At the gawky age of 11 when I was obsessed with purple and my dog Hildegaard…oh and Daddy, the substitute one, I learned what gratitude felt like. That first real feeling of having, and then NOT having was it -I figured. In the turn of a day things could change and that was enough. The realization was as big as that first dip in the lake in summer, I felt that childish renewal; the feeling of what really matters.
The line was small at the food bank. It was “small” given that it should have been much bigger given it was day one of the first round of big Boeing layoffs. By small I mean, it was 15 or so deep; fifteen or so meaning- fifteen people waiting to fill an empty paper bag with groceries so they could eat that week. There were days I had driven by the one In Pioneer Square and seen that line winding around the block; so today I didn’t mind the wait, because it somehow felt different than that line, more right than wrong.
Pink was never my favorite color- that was purple. But this pink slip of paper in my Daddy’s hand made him joke a little less and seemed to take the bounce out of his step. The bounce was usually there, up until my brother left one day when I was 18 and he never came home. Usually Daddy beamed at me I flashed my Snoopy smile back. When we did errands and he bought me waffle Stompers at Sears and Potato cakes at Arby’s, It made me feel more special than one of those pink loving girls at her first ballet recital. Pink slips don’t break us were his unspoken words. It seemed this pink ticket made time stop, so we could all observe reality together. Only it seemed to imbue the challenge of trying not to come apart too. I wondered why they hadn’t given out blue slips instead.

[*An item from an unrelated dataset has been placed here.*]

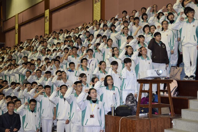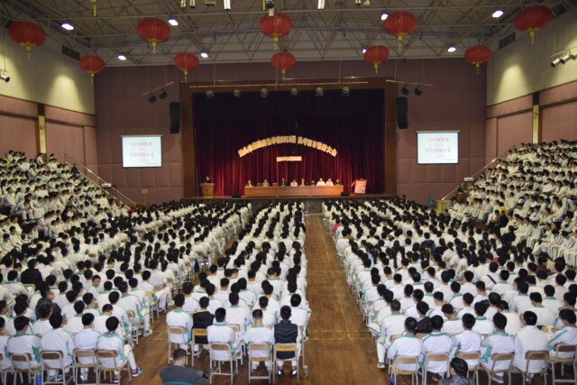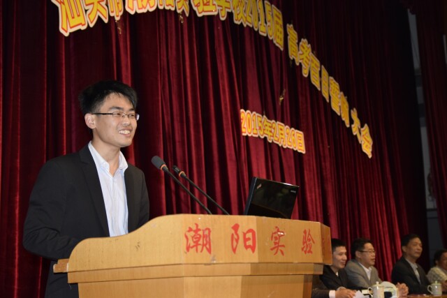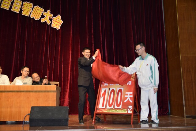 “沖刺的號(hào)角已經(jīng)吹響,壯麗的畫卷已經(jīng)鋪展!我的青春,在這神圣的時(shí)刻燃燒,我的理想,在這莊嚴(yán)的殿堂升騰!我們擁有蟾宮折桂的信心,我們擁有團(tuán)結(jié)拼搏的精神,我們擁有堅(jiān)韌強(qiáng)健的體魄,我們擁有追求卓越的豪邁!我們謹(jǐn)以青春的名義在此宣誓:珍惜一百天,讓飛翔的夢(mèng)想在六月張開翅膀!奮斗一百天,讓青春的智慧在六月發(fā)出光芒!拼搏一百天,讓父母和恩師在六月分享喜悅!讓六月成為我們美麗的紀(jì)念!” 激昂雄渾,如雄風(fēng)浩蕩,如春雷綻放,這正是我校高三學(xué)生的錚錚誓言。 2月26日晚,我校高三學(xué)生高考100天誓師大會(huì)在校體育館隆重舉行。學(xué)校創(chuàng)辦人鄭立平董事長(zhǎng)、學(xué)校副校長(zhǎng)兼高中部校長(zhǎng)張復(fù)昌、學(xué)校林少?gòu)?qiáng)副校長(zhǎng)親臨誓師大會(huì),并作重要講話。出席大會(huì)的還有小學(xué)部校長(zhǎng)鄒丹、高中部政教主任鄭楚堅(jiān)、教務(wù)主任張仕平、高二年級(jí)組長(zhǎng)譚承俊等人。 晚上8時(shí),體育館內(nèi)燈火輝煌,師生共聚,精神煥發(fā),激情澎湃。 首先,高三年級(jí)級(jí)長(zhǎng)李春雷老師偕同楊宇祺同學(xué)為百日誓師倒計(jì)時(shí)牌“揭幕”。伴隨著領(lǐng)喊的十秒倒計(jì)時(shí)的歡呼聲,大紅的紗幔緩緩揭開,標(biāo)示著高三的學(xué)習(xí)已經(jīng)進(jìn)入一個(gè)新階段的倒計(jì)時(shí)牌躍入眼簾——“離高考只有100天”,臺(tái)上臺(tái)下,頓時(shí)掌聲雷動(dòng)。 隨后李春雷級(jí)長(zhǎng)做了高考100天的動(dòng)員報(bào)告,回顧了本屆學(xué)生三年來(lái)的努力,對(duì)同學(xué)們的優(yōu)異表現(xiàn)作了高度評(píng)價(jià),他說(shuō):“同學(xué)們,三年來(lái),我們中涌現(xiàn)出許許多多像鄭培苗,肖錦菁等等忘我、執(zhí)著的讀書狂人,這樣爭(zhēng)分奪秒,這樣忘我專注的學(xué)習(xí),如果高考不成功還有天理嗎?……我們有理由相信我們高考必勝,因?yàn)槲覀冞有世界上最可愛、最勤奮、最無(wú)私奉獻(xiàn)的老師,最英明、最關(guān)心我們的董事長(zhǎng)和校領(lǐng)導(dǎo),他們竭盡才智,窮盡精力引領(lǐng)我們前行。” 李春雷級(jí)長(zhǎng)還深情地鼓勵(lì)同學(xué)們,“在高考這個(gè)平臺(tái)上,歷屆師兄師姐盡展風(fēng)采,在過(guò)去的八屆高考中,我校高考成績(jī)?cè)谏穷^乃是廣東省,都處于前茅,他們?yōu)槲覀儬?zhēng)得了榮譽(yù),樹立了榜樣,相信2015屆的學(xué)子也一定會(huì)以他們?yōu)榭�,用自己的智慧和拼搏,為母校再增榮耀!” 緊接著學(xué)生代表陳悅欣、教師代表唐建軍老師分別作了熱情洋溢的發(fā)言。尤其是唐建軍老師的發(fā)言可謂豪情萬(wàn)丈,激情四射,聲遏行云,同學(xué)們情不自禁地跟著唐老師互動(dòng),宣誓的聲浪一浪高過(guò)一浪,學(xué)生個(gè)個(gè)熱淚盈眶、信心滿懷,整個(gè)體育館,所有師生的情緒的都被唐老師的激情點(diǎn)燃。 本次大會(huì)學(xué)校還邀請(qǐng)了2010 屆畢業(yè)的學(xué)生黃家順來(lái)校作報(bào)告,黃家順作為我校一名普通的一本考生被四川大學(xué)商學(xué)院錄取,但是在四川大學(xué)卻大放異彩,2012年11月,黃加順在第五屆全國(guó)大中學(xué)生海洋知識(shí)競(jìng)賽中獲得最高榮譽(yù)“南極特別獎(jiǎng)”。2013年,黃加順作為全國(guó)唯一的一名大學(xué)生代表跟隨國(guó)家科考隊(duì)赴南極考察。黃家順和他的團(tuán)隊(duì)研發(fā)的“輕質(zhì)復(fù)合材料CNG氣瓶”已獲得4項(xiàng)國(guó)家專利授權(quán)……黃家順以自身的經(jīng)歷給了全體學(xué)生一個(gè)鼓勵(lì):不是學(xué)霸,也可成才;現(xiàn)在不是學(xué)霸,將來(lái)也可以活出學(xué)霸的精彩。黃家順同學(xué)的發(fā)言仿佛一道絢麗的彩虹照亮了每一個(gè)高三學(xué)子的心空。 會(huì)上,張校長(zhǎng)回顧了2014年我校高考的輝煌成績(jī),勉勵(lì)所有學(xué)生以高度的自信與豪情投入到學(xué)習(xí)中去,拼字當(dāng)頭,挖掘潛能,不畏艱難,奮力向上,不辜負(fù)父母的期盼,不辜負(fù)青春的理想與智慧,為自己爭(zhēng)分,為父母爭(zhēng)臉,為學(xué)校爭(zhēng)譽(yù),為家鄉(xiāng)爭(zhēng)光。并對(duì)本屆師生提出了名為“百千工程”的高要求——上清華北大的學(xué)生,本屆(本屆達(dá)17人)和歷屆合算達(dá)100人,上一本線學(xué)生,本屆達(dá)到1000人。 董事長(zhǎng)親切而質(zhì)樸的發(fā)言讓全校師生感動(dòng),他說(shuō):“我和全校的教職員工就是在座各位同學(xué)的保姆,大家有什么需求,我們一定想辦法滿足,希望大家在備戰(zhàn)高考的100天里吃得順心,學(xué)得舒心,考得歡心。” 最后,大會(huì)在各班級(jí)的宣誓中走向高潮。學(xué)生們神情肅穆,右拳高舉,齊聲高呼,他們聲音洪亮、慷慨激昂,他們的誓詞似春雷,似松濤,似戰(zhàn)鼓,使人激情豪邁、斗志昂揚(yáng)。我們有理由相信:2015年的高考,我們一定會(huì)再創(chuàng)輝煌! 誓師大會(huì)在全體高三學(xué)生聲震云霄的宣誓聲中勝利閉幕。 ![]() 學(xué)校創(chuàng)辦人鄭立平董事長(zhǎng)、學(xué)校張復(fù)昌校長(zhǎng)、學(xué)校林少?gòu)?qiáng)副校長(zhǎng) ![]() 李春雷老師偕同楊宇祺同學(xué)為百日誓師倒計(jì)時(shí)牌“揭幕” ![]() 李

Still the paper in one hand and mine in the other didn’t take away from the love. I secretly liked that Daddy’s hands were calloused and rough with the edges of his trim nails stained black. He was manly and chaffed and Still faintly smelled of the container of hand stuff he got at McClendon’s regularly. It was magic the way it would wipe away the grease, magic stuff in a round shallow container that said “Goo.” Still his rough mechanic hands felt snug and warm against mine and I never wanted to know what my real fathers hands were like, Daddy made sure I’d never care. That day though is fresh still-I can see the sidewalk. I can see us step out of the old noisy VW red van. It was the day I tasted gratitude, it tasted like generic peanut butter with a black and white label and make Skippy forever taste like caviar.
That was the day gratitude would feel like honesty and forever smell like Old Spice. That day made me revel in small joys. I felt the day’s lesson when our new couch was delivered and they took away the old dog hair infested, tweedy, checkered fabric relic. A whole family simply awestruck with gladness- our joyous butts sitting for hours on progress. How could we feel so luxuriously spoiled, and how could this new couch take on opulence and be someone else’s normal? How lovely it is to have reminders that make us acknowledge, in all the day’s imperfections, the night still falls and the stars still shine. My 11 year old soul, dressed in purple, still knows that if I press hard and play honest, I will never have to taste another hunk of crumbly, salty, cheddar cheese we called “government cheese.” And by press hard I mean relive the day I learned gratitude.